= Lily M. Wang =

American architectural and acoustical engineer

Lily M. Wang is an American architectural engineer and acoustical engineer whose research concerns the acoustical performance of buildings and the effects of building noise on human health and comfort, task performance, education, and music perception. She is the director of the Durham School of Architectural Engineering and Construction and Charles W. and Margre H. Durham Distinguished Professor at the University of Nebraska–Lincoln.

==Education and career==
Following childhood interests in music and the design of concert halls, Wang majored in civil engineering as an undergraduate at Princeton University, with an undergraduate thesis on the acoustic properties of tension fabric buildings. After failing to find work as an acoustical consultant, she entered a master's program in acoustics at Pennsylvania State University, where she was convinced by Victor Sparrow, a professor there, to continue her studies at the doctoral level. She completed a Ph.D. applying acoustic holography to study sound propagation from violins, supervised by Courtney Burroughs.

She was deflected from acoustical consulting once again, this time by an Acoustical Society of America postgraduate fellowship to work with Anders Christian Gade at the Technical University of Denmark. Following this, in 2000, she took a faculty position at the University of Nebraska, where she has remained. She became associate dean in the College of Engineering in 2018, and director of the Durham School of Architectural Engineering and Construction in 2021.
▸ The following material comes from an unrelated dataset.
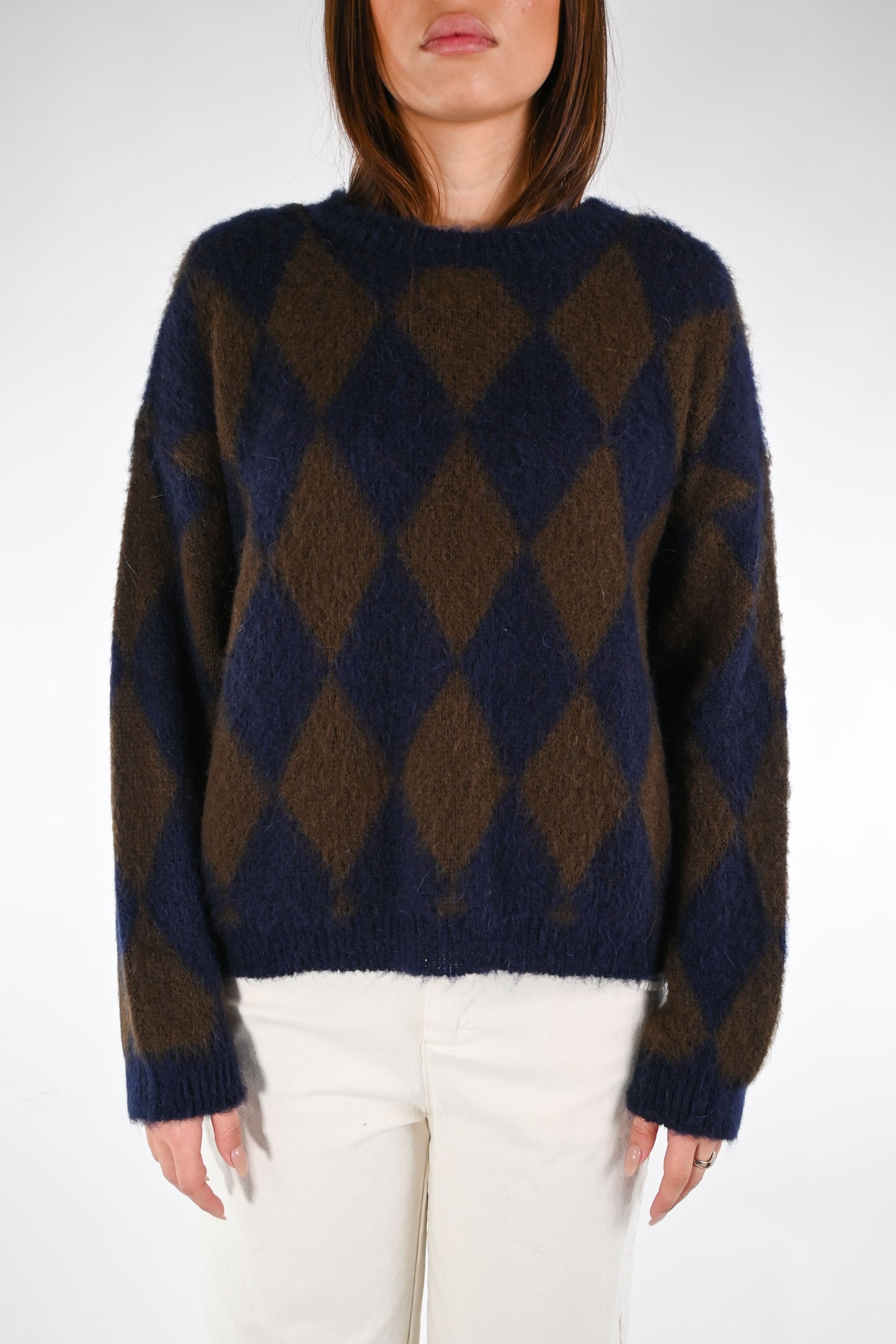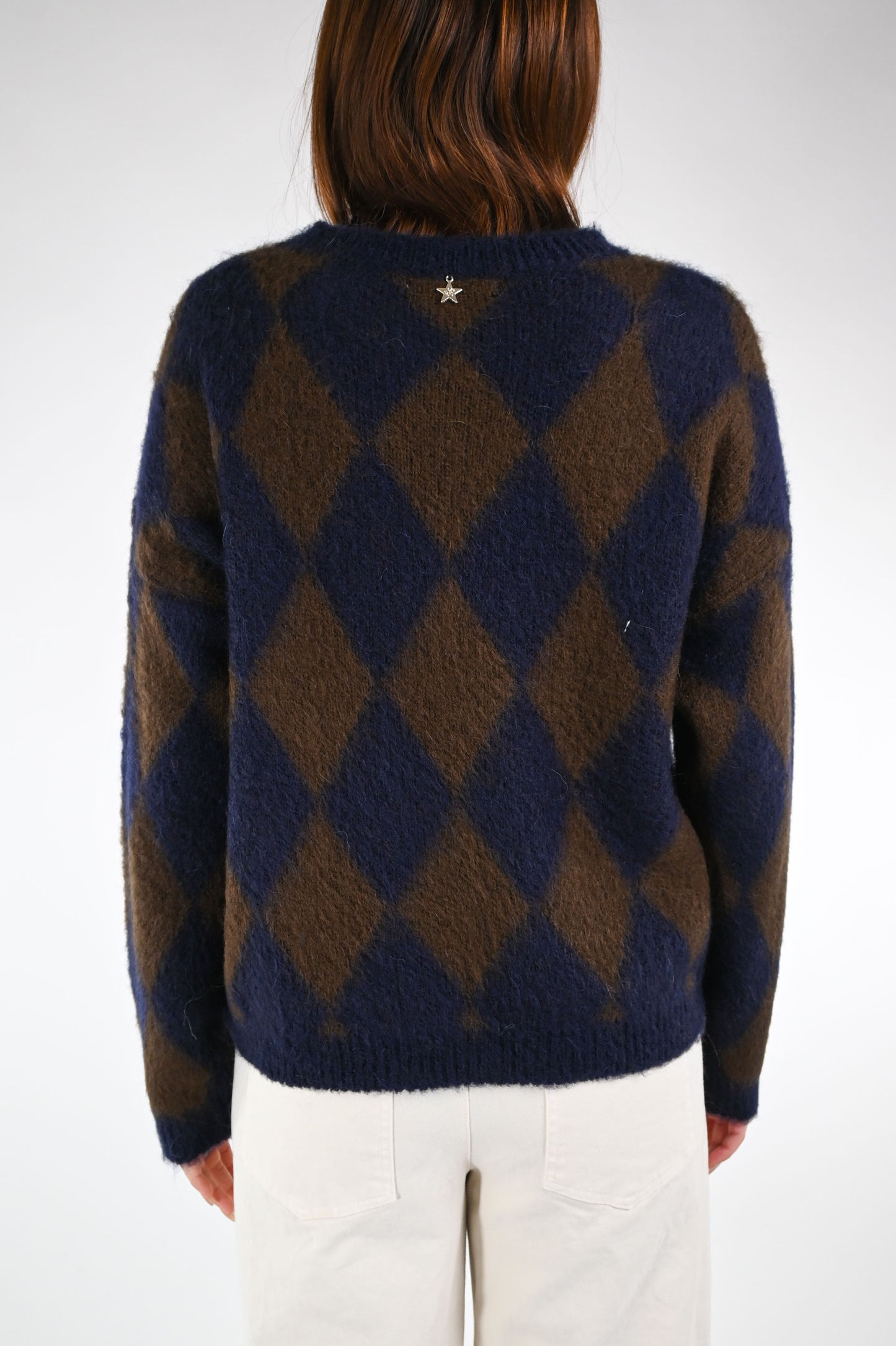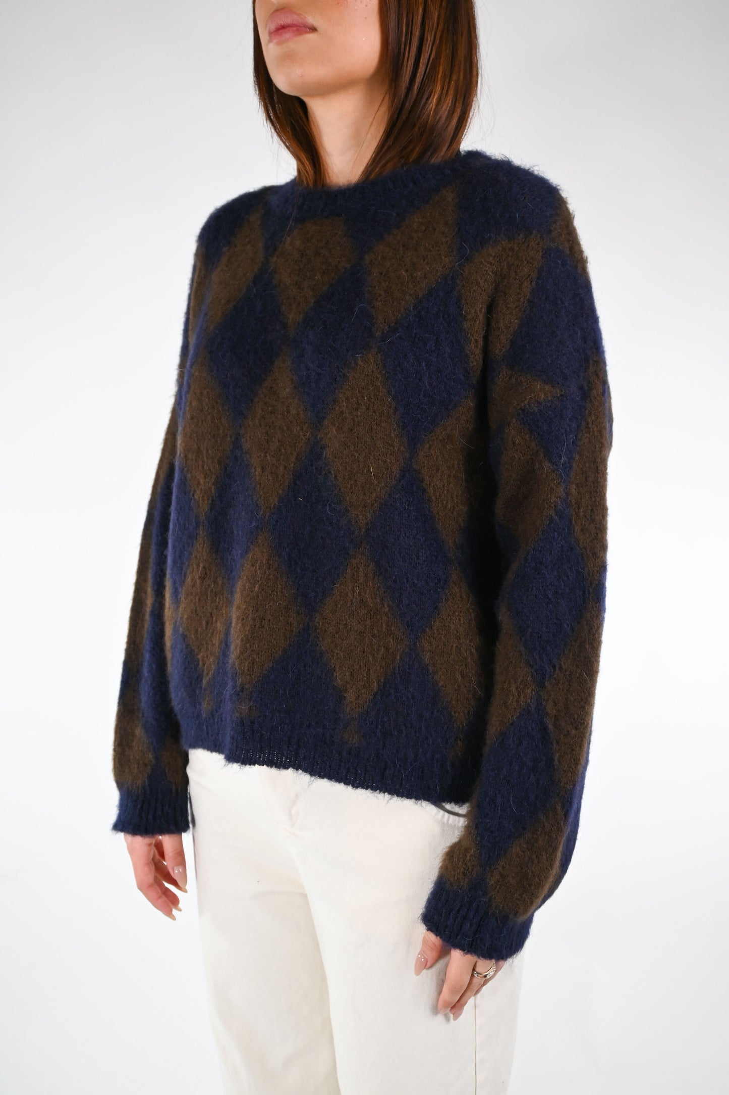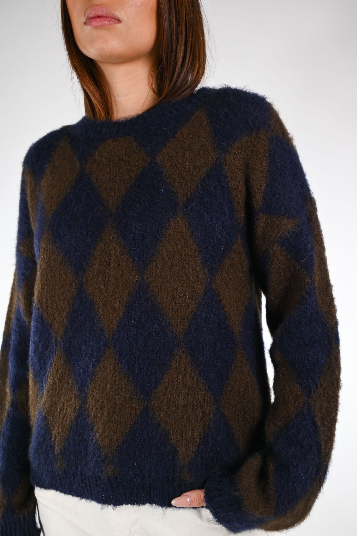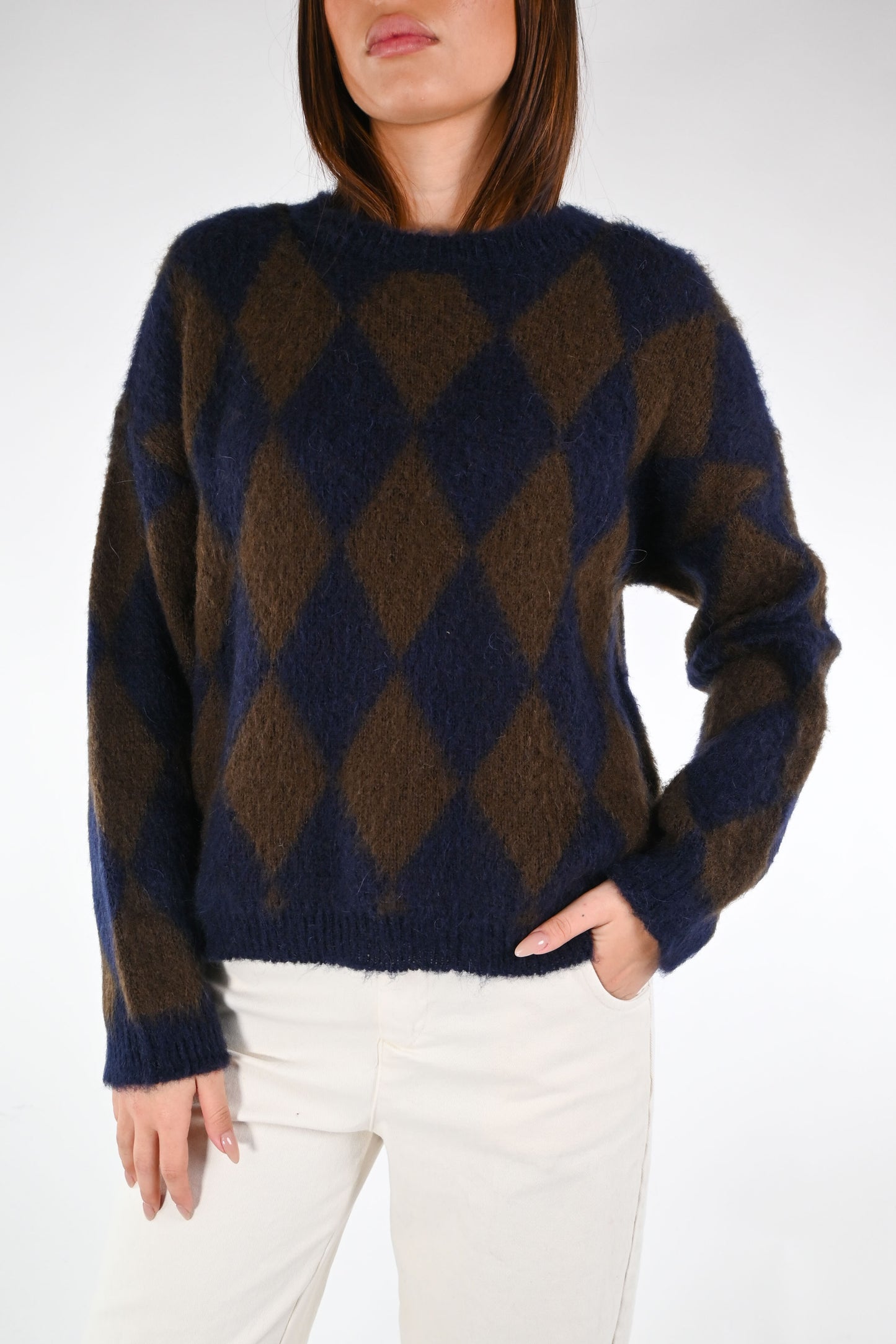 Maglia mohair a rombi, girocollo, colore blu/moro

She was president of the Acoustical Society of America for a term from 2018 to 2019.

==Recognition==
Wang was the 2005 recipient of the R. Bruce Lindsay Award of the Acoustical Society of America, given "for contributions to room and musical acoustics". She was elected as a Fellow of the Acoustical Society of America in 2007, "for contributions to architectural acoustics and noise control".

==Personal life==
Wang is married to David Yuill, also a professor of architectural engineering at the University of Nebraska; they have two daughters.